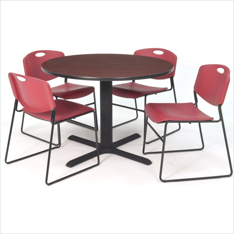 | Regency - Lunchroom Tables - TB36RNDMH44BY - Whether you're planning a lounge, café, library, breakroom or restaurant, let the Cain Collection take you there. These versatile tables are at home in stylish café or coffee shop settings as well as lunch rooms. This set includes one 36-inch round Cain table and four Burgundy Zeng Stack Chairs. The table is constructed of a thermal fused melamine Mahogany laminate tabletop that is 1-inch thick and finished with a black T-Mold edge band. Laminates are scratch, stain and burn resistant and wipe clean easily. The stylish X-Base is constructed of a tubular steel post and solid steel X-Base. Hidden adjustable glides keep the tabletop level and are easy to adjust. Regency's Patent-Pending Zeng stack chair is not only unique, but durable, sturdy and versatile as well. The Zeng seat and back are treated with an anti-microbial agent, which makes it perfect for schools, waiting rooms, cafeterias and more. A reinforced black metal frame is designed to support up to 400lbs and a built in handle makes moving the chair easier. All Regency chairs are backed by a 5-year limited manufacturer's warranty on chair bases and frames and a 2-year limited manufacturer's warranty on chair mechanisms and upholstery. Cain tables are backed by a 10-Year Limited Manufacturer's Warranty. Finish: Mahogany/ BurgundyMaterial: Laminate/ Metal/ PolypropyleneVersatile table & chair set includes one 36-inch round Cain table and 4 Burgundy Zeng Stack ChairsTabletop is constructed of a 1-inch thick thermal fused melamine laminate finished with a black T-Mold edge bandingMahogany laminate tabletop is scratch, stain and burn resistant and wipes clean easilyTreated with an anti-microbial agent, which makes it perfect for schools, cafeterias or waiting roomsChairs have a reinforced black metal frame designed to withstand 400-poundsBuilt-in carrying handle that makes moving easySpecifications:Overall Product Dimensions: 29 H x 36 W x 36 DProduct Weight: 91
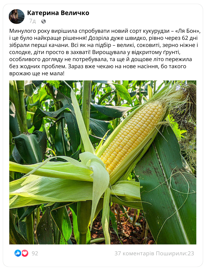 Суперсолодка кукурудза «Ля Бон»: вражає розміром та смаком!
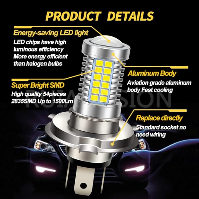 【用途】このH4 LED電球は、二輪車のヘッドライトや車のフォグランプに使用されます。 車のヘッドライトには使用しないでください。
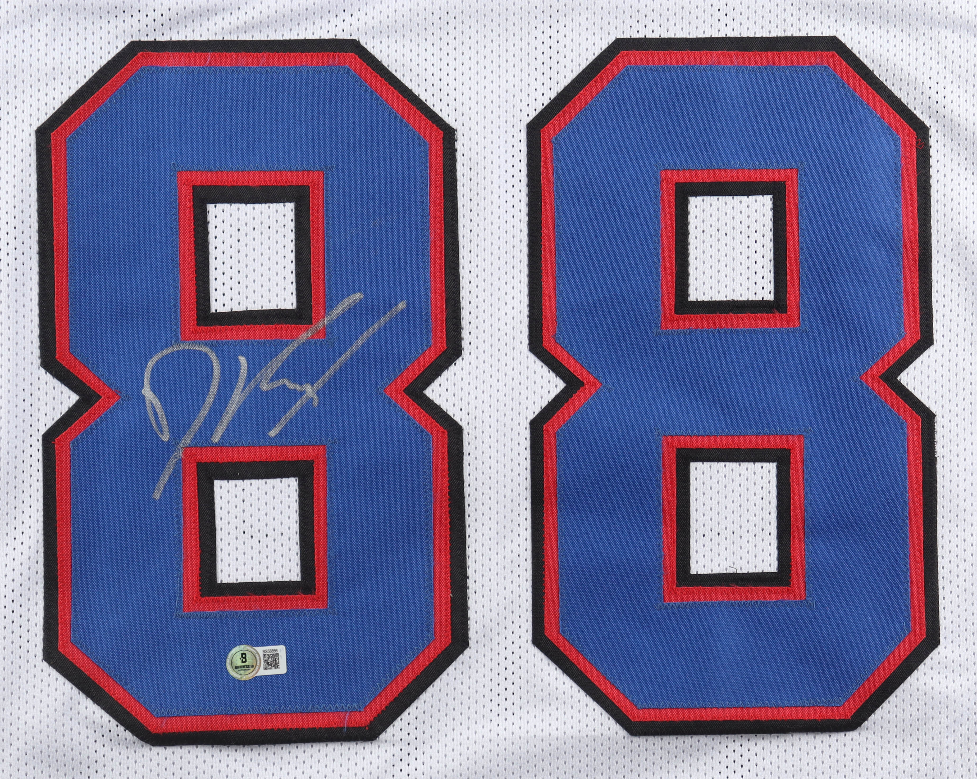 Custom jersey with everything sewn on, size XL. Hand-signed by Dawson Knox.
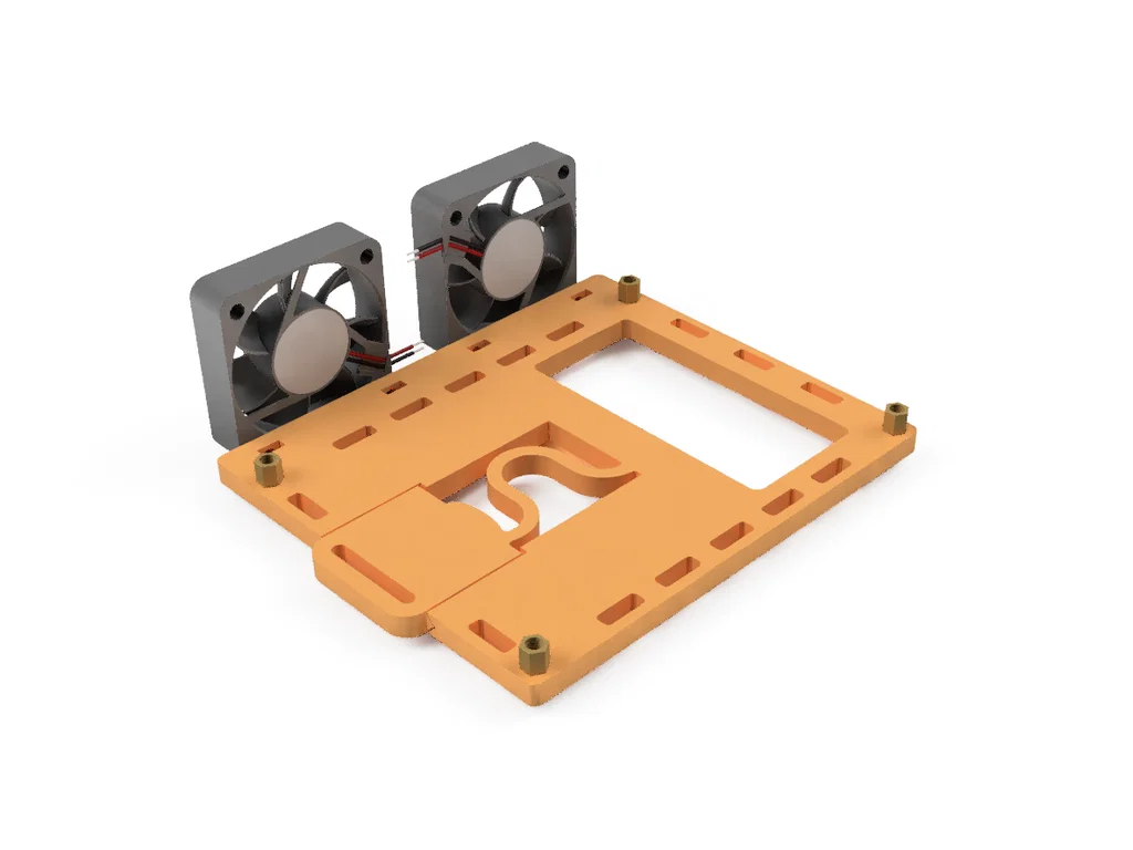 Mẫu gá DIN rail cho BIGTREETECH SKR 1.4, dùng 2 quạt 40mm (4040 fan) để thổi làm mát, phù hợp DIN rail 35mm. Kèm link linh kiện lắp ráp như vít M3, đai ốc M3 và trụ cách.
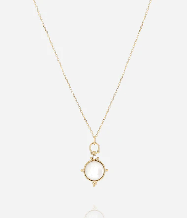 Náhrdelník z hladkej ocele alebo pozlátený jemným zlatom ionizačnou metódou, osadený oválnym príveskom s perleťou.
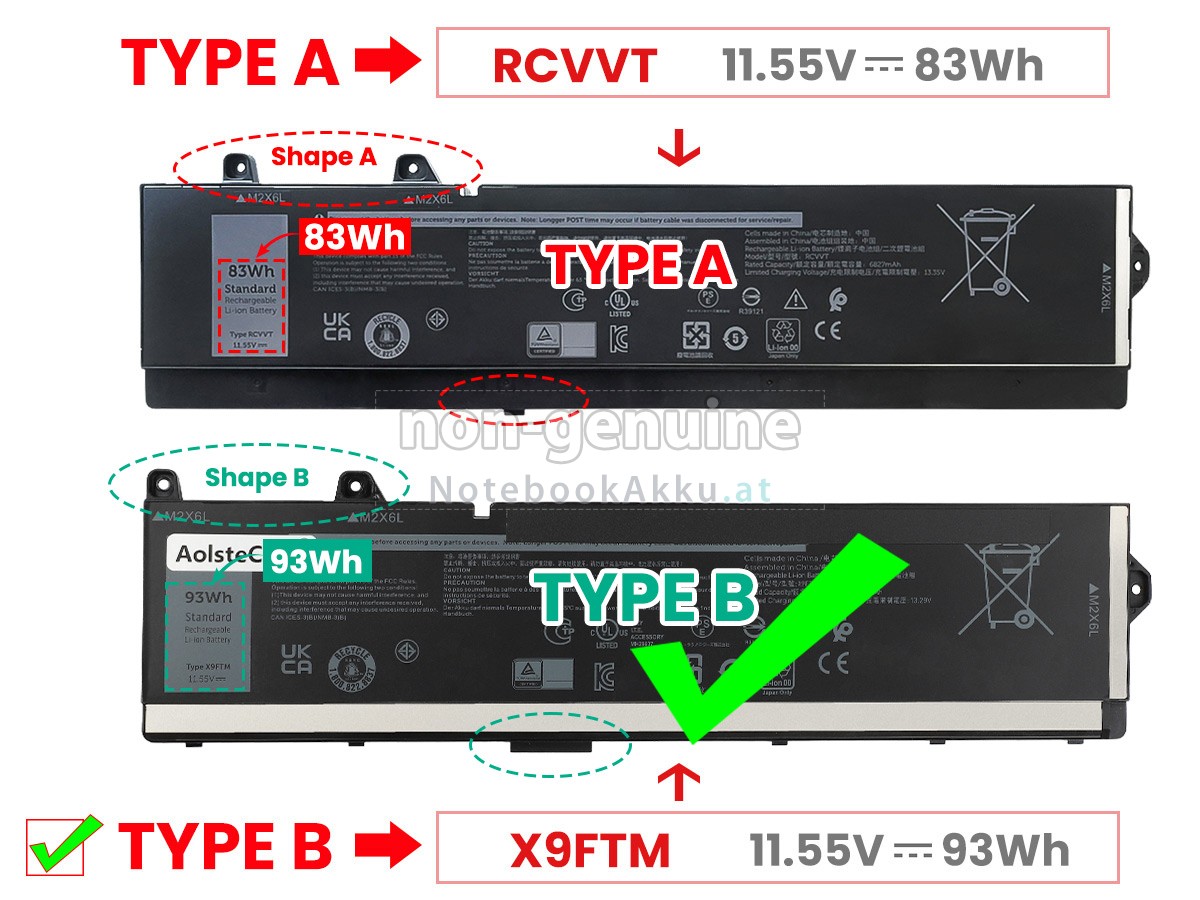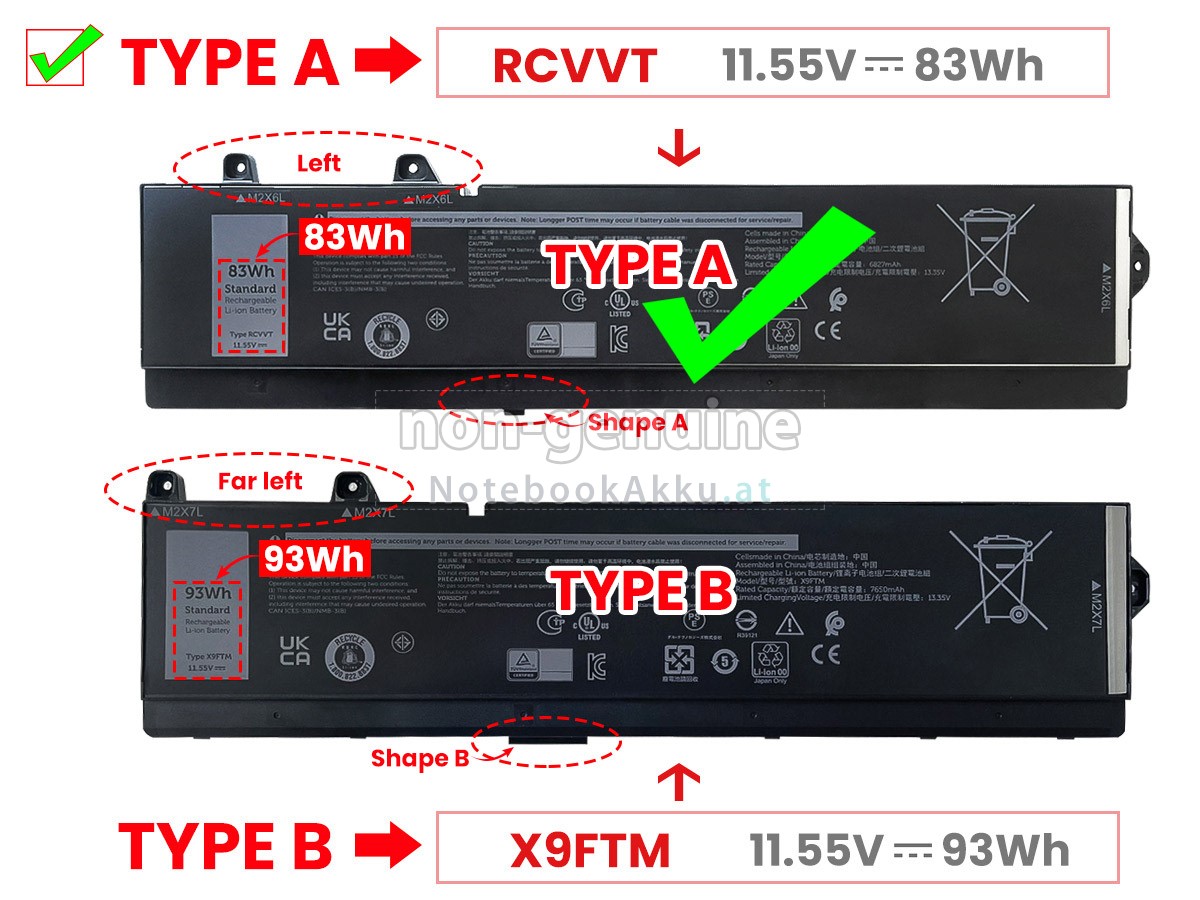 2 Vergleichen Sie die Spannung und das Fassungsvermögen Ihrer Akku für Dell Precision 7780 mit unserer, dann schauen Sie das Bild und prüfen Sie, ob die Schittstelle und Form der neuen Akku gleich mit der alten Batterie ist.

──────────

_Task objective:_ Pictures excluded, transcribe the listing above exactly from the line with "Mẫu gá DIN rail" through the line with "Náhrdelník z hladkej", and no further.

_Response area:_
 Mẫu gá DIN rail cho BIGTREETECH SKR 1.4, dùng 2 quạt 40mm (4040 fan) để thổi làm mát, phù hợp DIN rail 35mm. Kèm link linh kiện lắp ráp như vít M3, đai ốc M3 và trụ cách.
 Náhrdelník z hladkej ocele alebo pozlátený jemným zlatom ionizačnou metódou, osadený oválnym príveskom s perleťou.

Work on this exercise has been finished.